ReviewFoundationAmyloid beta modulators and neuroprotection in Alzheimer's disease: a critical appraisal

- Multiple cellular changes have been identified as being involved in AD pathogenesis.
- Studies concluded that abnormal APP processing causes Aβ-induced synaptic dysfunction.
- Aβ induces tau phosphorylation and activates GSK-3β and CDK-5, ultimately causes neuronal dysfunction.
- Aβ modulators are potential therapeutic drugs to treat patients with Alzheimer's disease.
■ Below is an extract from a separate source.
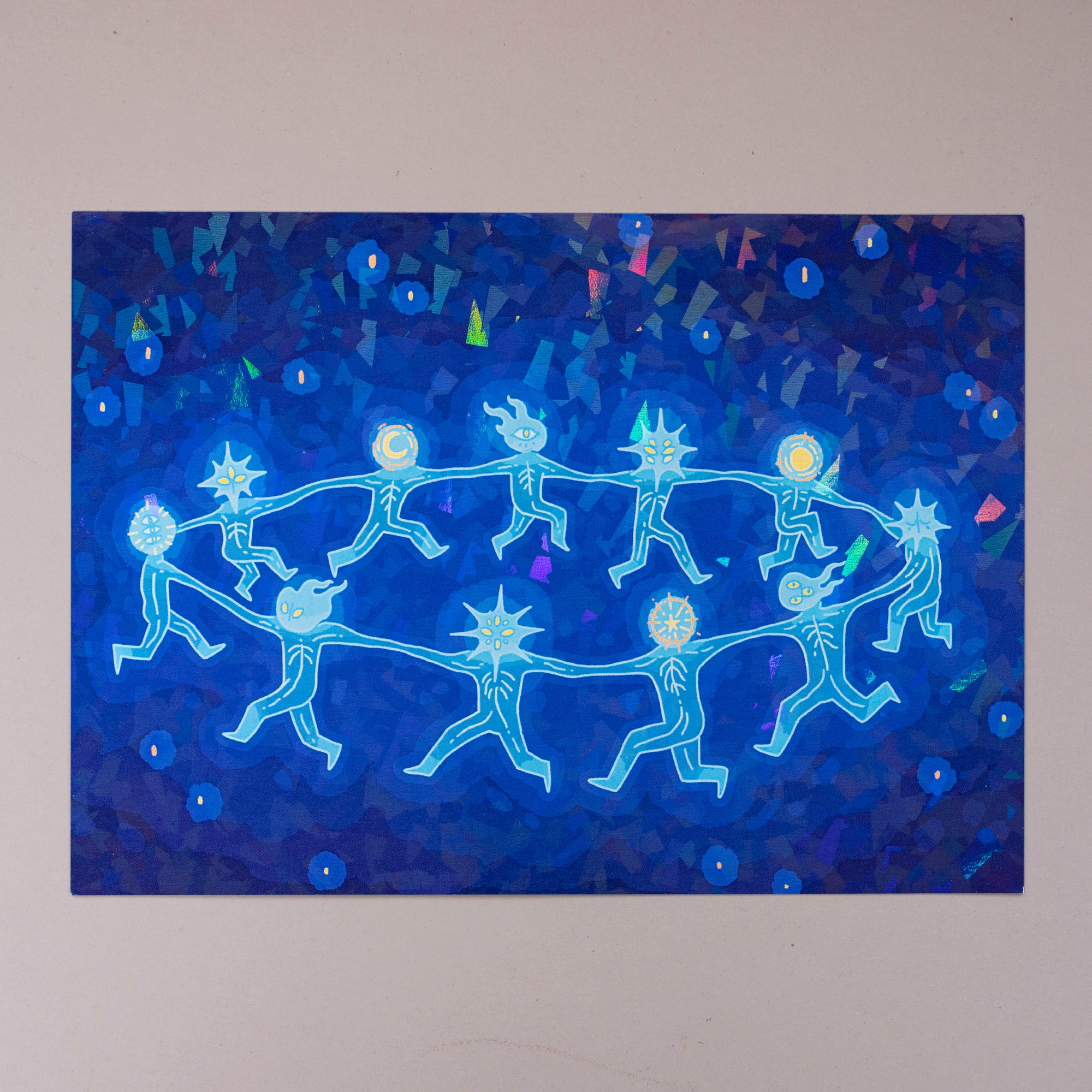 My illustration for Angeltober 2022, for the prompt "Dance."The print is 5 x 7 inches (12 x 17 cm) and holographic. It is printed on heavy cardstock.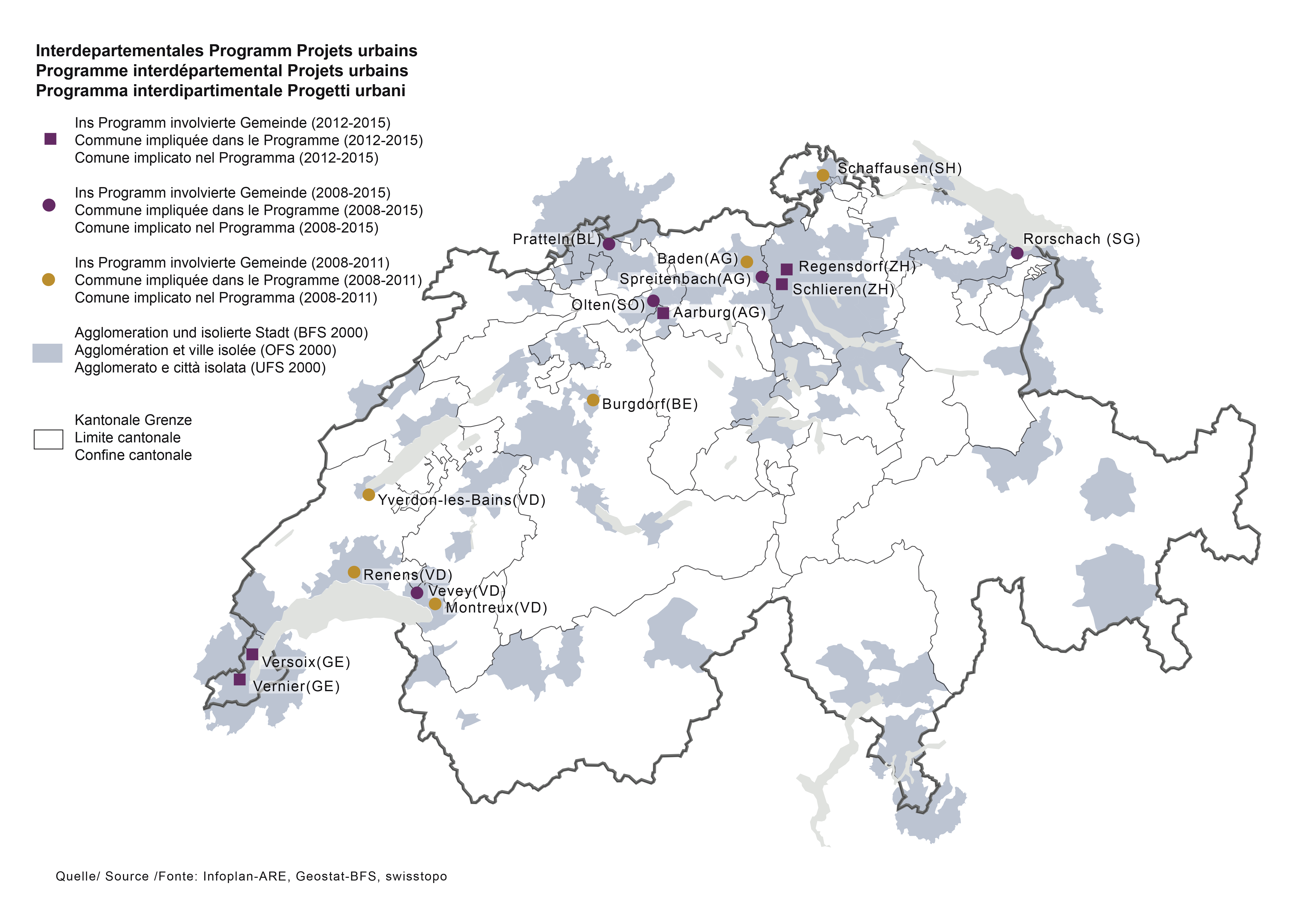 Le Programme Projets urbains a soutenu seize communes entre 2008 et 2015, qui ont développé des projets globaux et participatifs pour améliorer la qualité de vie et la cohésion sociale dans des quartiers existants.

Multiple cellular changes have been identified as being involved in Alzheimer's disease (AD) pathogenesis, including mitochondrial damage, synaptic loss, amyloid beta (Aβ) production and/or accumulation, inflammatory responses, and phosphorylated tau formation and/or accumulation. Studies have established that Aβ-induced synaptic dysfunction is dependent on abnormal amyloid precursor protein (APP) processing caused by β- and γ-secretases, resulting in the generation of Aβ. The Aβ formed as a result of abnormal APP processing induces phosphorylated tau and activates glycogen synthase kinase-3β (GSK3β) and cyclin-dependent kinase-5 (CDK5). Here, we review the latest research on the development of Aβ modulators for neuroprotection in AD. We also review the use of molecular inhibitors as therapeutic targets in AD.